- _Collected material_:
^^^^^^^^

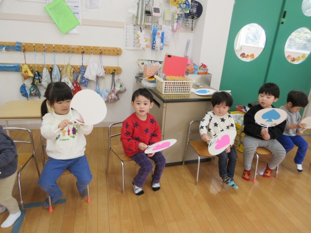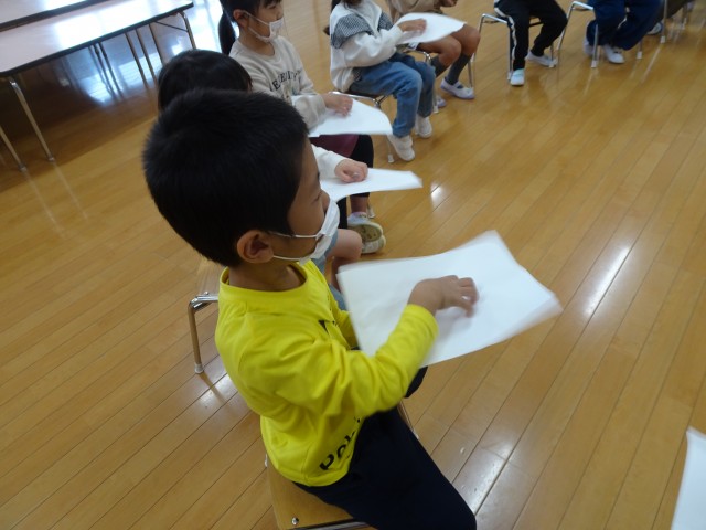 いつハンカチが自分の手にくるのかドキドキワクワクの子どもたち。ハンカチが落とされると一生懸命追いかける姿が可愛らしかったです。
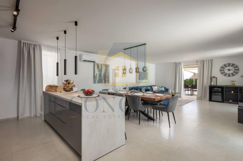 Al piano terra si trova un ampio soggiorno collegato alla cucina e alla sala da pranzo, una camera da letto con bagno privato, un bagno per gli ospiti e un ingresso. Al primo piano sono situate tre comode camere da letto, ognuna con bagno privato, mentre due grandi terrazze offrono una splendida vista sul mare.
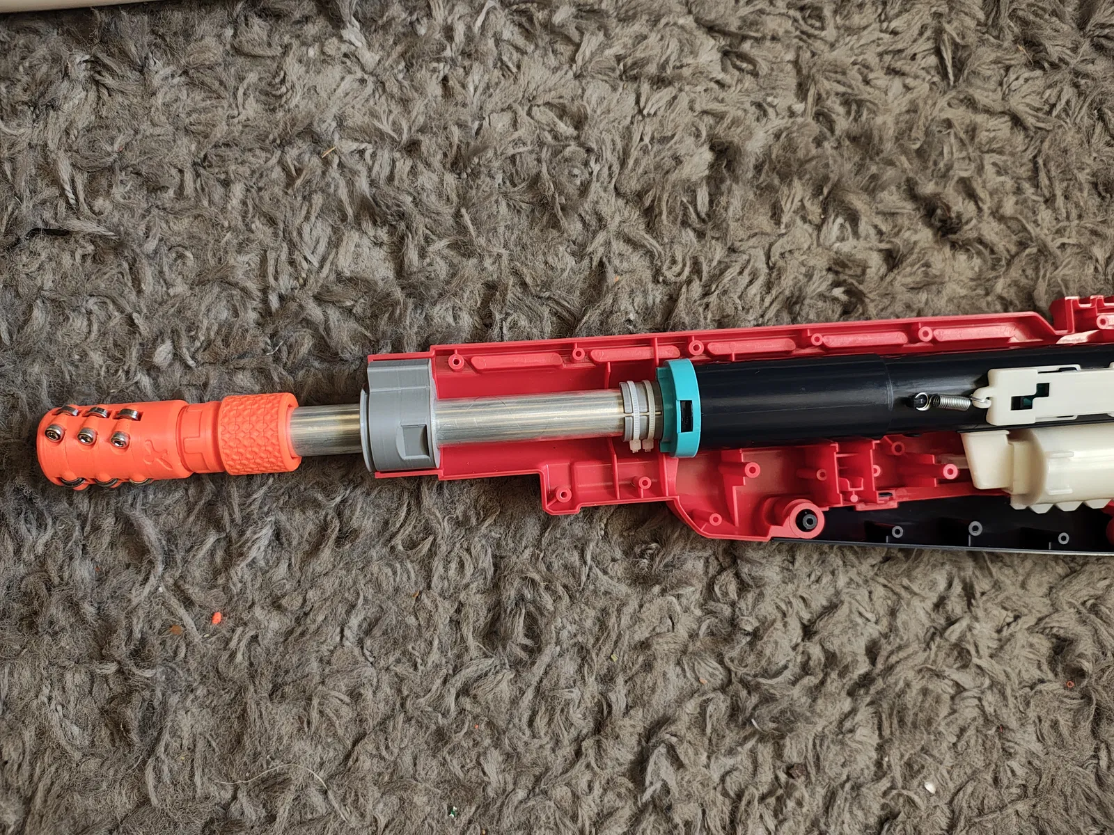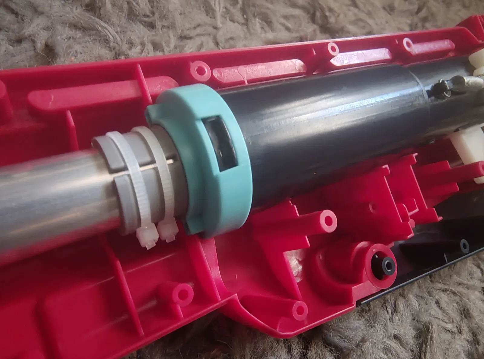 - Tháo phần nhựa và lò xo cũ ra rồi thay thế bằng bản in này. Bạn có thể dùng dây rút (zip ties) để cố định nòng nếu cần thiết.

^^^^^^^^

- _How to complete this task_: For the data above, return an exact copy that contains no pictures.

- _Response to this task_:
 いつハンカチが自分の手にくるのかドキドキワクワクの子どもたち。ハンカチが落とされると一生懸命追いかける姿が可愛らしかったです。
 Al piano terra si trova un ampio soggiorno collegato alla cucina e alla sala da pranzo, una camera da letto con bagno privato, un bagno per gli ospiti e un ingresso. Al primo piano sono situate tre comode camere da letto, ognuna con bagno privato, mentre due grandi terrazze offrono una splendida vista sul mare.
 - Tháo phần nhựa và lò xo cũ ra rồi thay thế bằng bản in này. Bạn có thể dùng dây rút (zip ties) để cố định nòng nếu cần thiết.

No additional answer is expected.